A number of companies are already commercializing 3D printers and printable materials dedicated to producing carbon fiber-reinforced composite parts for customers in various industries.5 Currently, 3D printed parts made out of carbon fiber-reinforced composites are used in the design and construction of race cars, drones, high performance sporting equipment, and many other applications that require lightweight but strong materials to boost product performance.5,6
Fused Deposition Modeling (FDM) and Selective Laser Sintering (SLS) are two 3D printing processes that are widely used to create functional parts using carbon fiber-reinforced materials as feedstock.

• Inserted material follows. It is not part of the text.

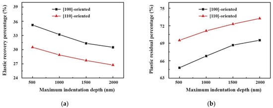 The elastic recovery and the plastic residual percentages versus the maximum indentation depth hmax for the [100]- and [110]-oriented PIN–PMN–PT single crystals are shown in Figure 4. It can be seen that with increasing the hmax, the elastic recovery percentage decreased from 35.21% to 30.49% for the [100]-oriented PIN–PMN–PT crystal and from 30.50% to 26.75% for the [110]-oriented PIN–PMN–PT crystal. At each hmax, the elastic recovery percentage of the [100]-oriented PIN–PMN–PT crystal was larger than that of the [110]-oriented PIN–PMN–PT crystal. Conversely, with increasing the hmax, the plastic residual percentage increased from 64.79% to 69.51% for the [100]-oriented PIN–PMN–PT crystal and from 69.50% to 73.25% for the [110]-oriented PIN–PMN–PT bulk single crystal. At each hmax, the plastic residual percentage of the [100]-oriented PIN–PMN–PT bulk single crystal was less than that of the [110]-oriented PIN–PMN–PT bulk single crystal. This indicated that the higher the maximum indentation depth hmax or peak load, the lower the elastic recovery percentage and the higher the plastic residual percentage in the PIN–PMN–PT bulk single crystals. Under indentation stress, some of the domains of the PIN–PMN–PT bulk single crystals tend to switch, forming non-180 domain walls to minimize elastic energy []. The formation of these non-180 domain walls may cause irreversible depolarization, relieving the internal stress built up in the PIN–PMN–PT bulk single crystals []. This reduces the driving force for the recovery of the PIN–PMN–PT bulk single crystal. Therefore, at the maximum indentation depth of 500 nm to 2000 nm, the plastic deformation is larger than the elastic deformation, and the plastic residual percentage is larger than 50%, which means that the plastic deformation dominated in the indentation process of the PIN–PMN–PT bulk single crystal.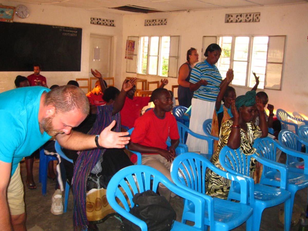 Crying as a man we just prayed for stands up without his cane and walks around freely.

FDM is a process that builds plastic parts using layer-by-layer extrusion of heated filament materials (Figure 1a).7 SLS, on the other hand, is a process to fabricate parts by building successive layers made out of laser sintered powder materials (Figure 1b).8 Depending on the processing conditions and design requirements of the finished parts, post-process treatments such as heating can be required.7
Figure 1.a) Illustration of FDM process, b) Illustration of SLS process
Depending on the design requirements of the finished products and research interests, different types of plastic resins, and carbon fibers can be selected to make composite materials suitable for 3D printing.
The mechanical strength of the finished product is heavily influenced by the types of plastic resin selected, as well as the length and loading of the carbon fibers.7,8 For example, researchers have reported using carbon fibers (150 µm/ 100 µm) as reinforcing materials to improve the mechanical strength of ABS thermoplastics. The resulting composite, with 5 wt% carbon fibers, showed >20% increase in Young’s modulus and tensile strength.7
Carbon nanomaterials, such as carbon nanotubes and graphene, have unique physical and chemical properties that can enhance the tensile strength and thermal stability of plastic materials.9
To render the composite materials suitable for the FDM process, carbon fiber and plastic resin pellets are compounded in a blender/mixer to produce a mixture of carbon fiber and plastic resin. Next, the mixture is fed into an extruder to produce the filament used in the FDM process (Figure 2a).7 To prepare materials for the SLS process, carbon fiber and plastic resin materials are first dissolved in an organic solvent to make a homogeneous mixture. This solvent is then removed to precipitate out the powder, which is composed of carbon fiber and plastics. The powder is further crushed and milled before it is used in the SLS process (Figure 2b).8
Figure 2.a) Illustration of materials preparation for the FDM process, b) Illustration of materials preparation for the SLS process.